[Saved data entries]
######

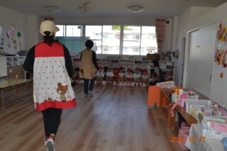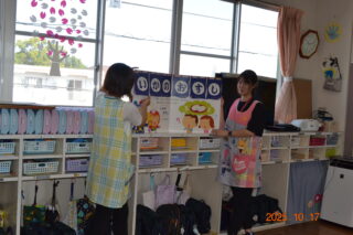 1学期に避難の合図がしたら保育室の中に逃げ込むことをしました。
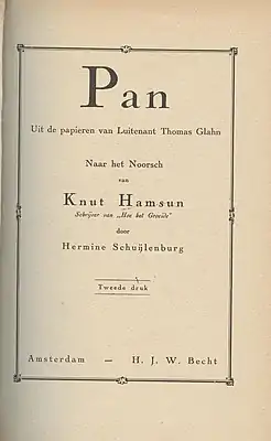 Предмет романа. Лейтенанта Глана, живущего отшельником в лесу, любят две женщины — Ева и Эдварда. Он тоже любит их, не зная, кому отдать предпочтение. Стихия любви захватывает героев, и как любая стихия, любовь опасна, и, словно мифический Пан, требует жертв.
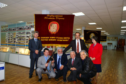 Au Musee d'histoire de l'Usine des avions (Saratov). 3 octobre 2008. Anatole Fetissov - President de l'Association des veterans russes du regiment Normandie-Niemen, Colonel, Pilote militaire emerite, Moscou - la Russie; Rene Barchi - membre d'honneur de l'Association des veterans russes du regiment Normandie-Niemen et membre actif du Memorial Normandie-Niemen, France; Lioubov Mikhaylova - Presidente de l'Association regionale Des Amis De La France; accroupis: Michel Titov - responsable du Musee scolaire "Normandie-Niemen" de l'ecole 712, Moscou - la Russie; Francois Colinot - President Fondateur de la Nievre en Armes, Delegue General du Souvenir Francais de la Nievre, membre du Memorial Normandie Niemen, France; Valentin Aristarchov - responsable du Musee d'histoire de l'Usine des avions; Basile Rabota - Heros de la Russie, Pilote d'essai emerite de l'Usine des avions. |
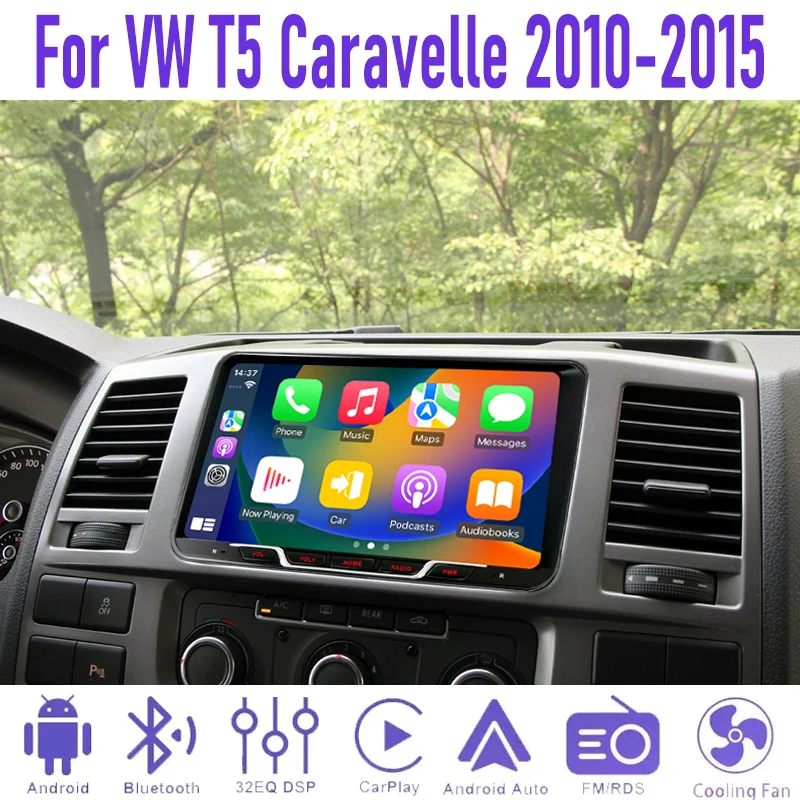 Radio GPS para coche de 9 pulgadas para VW T5 Caravelle 2010-2015 inalámbrico Apple Carplay Android Auto unidad principal estéreo sistema inteligente 4-64GB
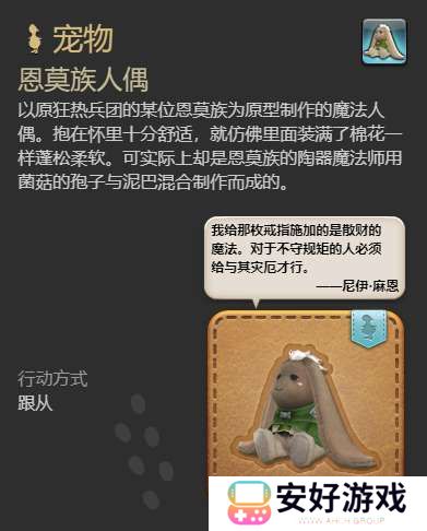 最终幻想14恩莫族人偶看起来像一只兔子,耳朵特别长。那么恩莫族人偶宠物怎么获得呢?大家可以去水晶都和游末邦,找赛栎和伊尔弗洛伊兑换获得,接下来就由小编给大家带来了详细的《最终幻想14:水晶世界》恩莫族人偶宠物获得方法!
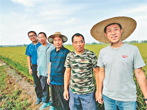 孫世臣等4位博士科技特派員為樺川縣創(chuàng)業(yè)鄉(xiāng)中山村引進高產(chǎn)龍稻田間指導(dǎo)。
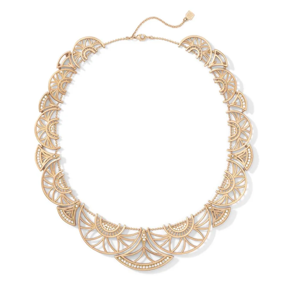 This thoroughly dramatic statement necklace takes its fanciful name from French ballet dancer Zizi Jeanmaire. The openwork fan design is based on the Art Deco work of Romain de Tirtoff (French, born Russia, 1892–1990), better known as Erté. The necklace’s stunning two-tone design showcases satin-finish 18K gold plate and rhodium plate with more than 100 Swarovski® crystals.
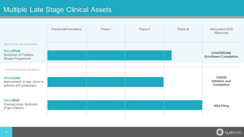 Eyenovia: Building the Smart Eye Care Company of the Future • Eyenovia is building a robust late - stage pipeline in ophthalmology …with next generation, intelligent µ - therapeutics • Initiated 2 Phase III programs in last 12 months – MICROPINE: First - in class back - of - the - eye therapeutic program for myopic progression (CHAPERONE Phase III trial) – MICROSTAT: First fixed combination Phenylephrine - Tropicamide for office - based and surgical mydriasis • Additional programs: MicroProst (Glaucoma) - Submitted IND and planned FPI in Q4 2019 | MicroTears OTC • Recent development: Advancing MicroLine (Presbyopia Rx) towards Phase III 2 * Estimate for U.S. market only 1 First - line treatments only 2 In - office and cataract surgery uses 3 OTC eye care market Micro Pine Phase III ongoing Micro Prost Phase III ready Micro Stat Phase III complete Micro Tears OTC Progressive Myopia* Glaucoma CACG+OAG+ OHT* Mydriasis OFFICE + SURGICAL * $5B+ Market $1.5B+ Market 1 $250M+ Market 2 Ocular Decongestant/Antipruritic/ Lubrication* $850M+ Market 3 Original Pipeline
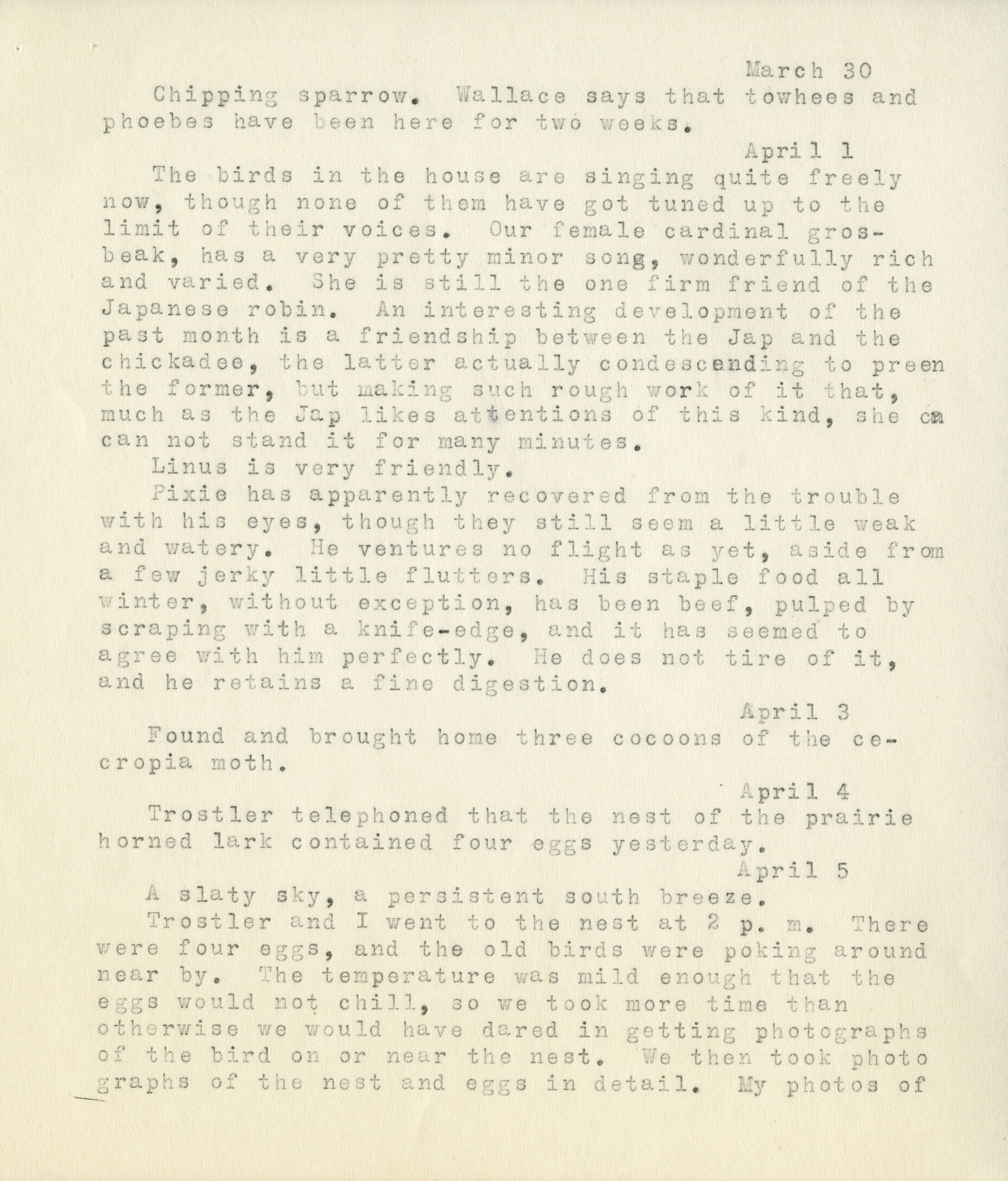 9 March 30 Chipping sparrow. Wallace says that towhees and phoebes have been here for two weeks. April 1 The birds in the house are singing quite freely now, though none of them have got tuned up to the limit of their voices. Our female cardinal grosbeak, has a very pretty minor song, wonderfully rich and varied. She is still the one firm friend of the Japanese robin. An interesting development of the past month is the friendship between the Jap and the chickadee, the latter actually condescending to preen the former, but making such rough work of it that, much as the Jap likes attentions of this kind, she ca can not stand it for many minutes. Linus is very friendly Pixie has apparently recovered from the trouble with his eyes, though they still seem a little weak and watery. He ventures no flight as yet, aside from a few jerky flutters. His staple food all winter, without exception, has been beef, pulped by scraping a knife-edge, and it has seems to agree with him perfectly. He does not tire of it, and he retains a fine digestion. April 3 Found and brought home three cocoons of the cecropia moth. April 4 Trostler telephoned that the nest of the prairie horned lark contained four eggs yesterday. April 5 A slaty sky, a persistent south breeze. Trostler and I went to the nest at 2 p.m. There were four eggs, and the old birds were poking around near by. The temperature was mild enough that the eggs would not chill, so we took more time than otherwise we would have dared in getting photographs of the bird on or near the nest. We then took photographs of the nest and eggs in detail. My photos of
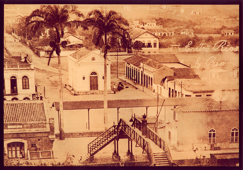 É possível também observar algumas pessoas no entorno da Capelinha: do lado direito da imagem, uma charrete com um homem possivelmente descarregando algum produto para o pequeno comercio que ali existia; a esquerda, mais dois indivíduos e uma outra pessoa na janela do prédio. A pesquisa comprovou que o espaço urbano da Vila de Entre Rios se desenvolveu do entorno da Estação Rodoviária da Estrada União e Indústria e depois da Estação Ferroviária da Central do Brasil em direção às margens do Rio Paraíba do Sul.

######

:: Prompt ::
No picture belongs in the answer, but every word of the records above does, exactly as given.

:: Written response ::
 1学期に避難の合図がしたら保育室の中に逃げ込むことをしました。
 Предмет романа. Лейтенанта Глана, живущего отшельником в лесу, любят две женщины — Ева и Эдварда. Он тоже любит их, не зная, кому отдать предпочтение. Стихия любви захватывает героев, и как любая стихия, любовь опасна, и, словно мифический Пан, требует жертв.
 Au Musee d'histoire de l'Usine des avions (Saratov). 3 octobre 2008. Anatole Fetissov - President de l'Association des veterans russes du regiment Normandie-Niemen, Colonel, Pilote militaire emerite, Moscou - la Russie; Rene Barchi - membre d'honneur de l'Association des veterans russes du regiment Normandie-Niemen et membre actif du Memorial Normandie-Niemen, France; Lioubov Mikhaylova - Presidente de l'Association regionale Des Amis De La France; accroupis: Michel Titov - responsable du Musee scolaire "Normandie-Niemen" de l'ecole 712, Moscou - la Russie; Francois Colinot - President Fondateur de la Nievre en Armes, Delegue General du Souvenir Francais de la Nievre, membre du Memorial Normandie Niemen, France; Valentin Aristarchov - responsable du Musee d'histoire de l'Usine des avions; Basile Rabota - Heros de la Russie, Pilote d'essai emerite de l'Usine des avions. |
 Radio GPS para coche de 9 pulgadas para VW T5 Caravelle 2010-2015 inalámbrico Apple Carplay Android Auto unidad principal estéreo sistema inteligente 4-64GB
 最终幻想14恩莫族人偶看起来像一只兔子,耳朵特别长。那么恩莫族人偶宠物怎么获得呢?大家可以去水晶都和游末邦,找赛栎和伊尔弗洛伊兑换获得,接下来就由小编给大家带来了详细的《最终幻想14:水晶世界》恩莫族人偶宠物获得方法!
 孫世臣等4位博士科技特派員為樺川縣創(chuàng)業(yè)鄉(xiāng)中山村引進高產(chǎn)龍稻田間指導(dǎo)。
 This thoroughly dramatic statement necklace takes its fanciful name from French ballet dancer Zizi Jeanmaire. The openwork fan design is based on the Art Deco work of Romain de Tirtoff (French, born Russia, 1892–1990), better known as Erté. The necklace’s stunning two-tone design showcases satin-finish 18K gold plate and rhodium plate with more than 100 Swarovski® crystals.
 Eyenovia: Building the Smart Eye Care Company of the Future • Eyenovia is building a robust late - stage pipeline in ophthalmology …with next generation, intelligent µ - therapeutics • Initiated 2 Phase III programs in last 12 months – MICROPINE: First - in class back - of - the - eye therapeutic program for myopic progression (CHAPERONE Phase III trial) – MICROSTAT: First fixed combination Phenylephrine - Tropicamide for office - based and surgical mydriasis • Additional programs: MicroProst (Glaucoma) - Submitted IND and planned FPI in Q4 2019 | MicroTears OTC • Recent development: Advancing MicroLine (Presbyopia Rx) towards Phase III 2 * Estimate for U.S. market only 1 First - line treatments only 2 In - office and cataract surgery uses 3 OTC eye care market Micro Pine Phase III ongoing Micro Prost Phase III ready Micro Stat Phase III complete Micro Tears OTC Progressive Myopia* Glaucoma CACG+OAG+ OHT* Mydriasis OFFICE + SURGICAL * $5B+ Market $1.5B+ Market 1 $250M+ Market 2 Ocular Decongestant/Antipruritic/ Lubrication* $850M+ Market 3 Original Pipeline
 9 March 30 Chipping sparrow. Wallace says that towhees and phoebes have been here for two weeks. April 1 The birds in the house are singing quite freely now, though none of them have got tuned up to the limit of their voices. Our female cardinal grosbeak, has a very pretty minor song, wonderfully rich and varied. She is still the one firm friend of the Japanese robin. An interesting development of the past month is the friendship between the Jap and the chickadee, the latter actually condescending to preen the former, but making such rough work of it that, much as the Jap likes attentions of this kind, she ca can not stand it for many minutes. Linus is very friendly Pixie has apparently recovered from the trouble with his eyes, though they still seem a little weak and watery. He ventures no flight as yet, aside from a few jerky flutters. His staple food all winter, without exception, has been beef, pulped by scraping a knife-edge, and it has seems to agree with him perfectly. He does not tire of it, and he retains a fine digestion. April 3 Found and brought home three cocoons of the cecropia moth. April 4 Trostler telephoned that the nest of the prairie horned lark contained four eggs yesterday. April 5 A slaty sky, a persistent south breeze. Trostler and I went to the nest at 2 p.m. There were four eggs, and the old birds were poking around near by. The temperature was mild enough that the eggs would not chill, so we took more time than otherwise we would have dared in getting photographs of the bird on or near the nest. We then took photographs of the nest and eggs in detail. My photos of
 É possível também observar algumas pessoas no entorno da Capelinha: do lado direito da imagem, uma charrete com um homem possivelmente descarregando algum produto para o pequeno comercio que ali existia; a esquerda, mais dois indivíduos e uma outra pessoa na janela do prédio. A pesquisa comprovou que o espaço urbano da Vila de Entre Rios se desenvolveu do entorno da Estação Rodoviária da Estrada União e Indústria e depois da Estação Ferroviária da Central do Brasil em direção às margens do Rio Paraíba do Sul.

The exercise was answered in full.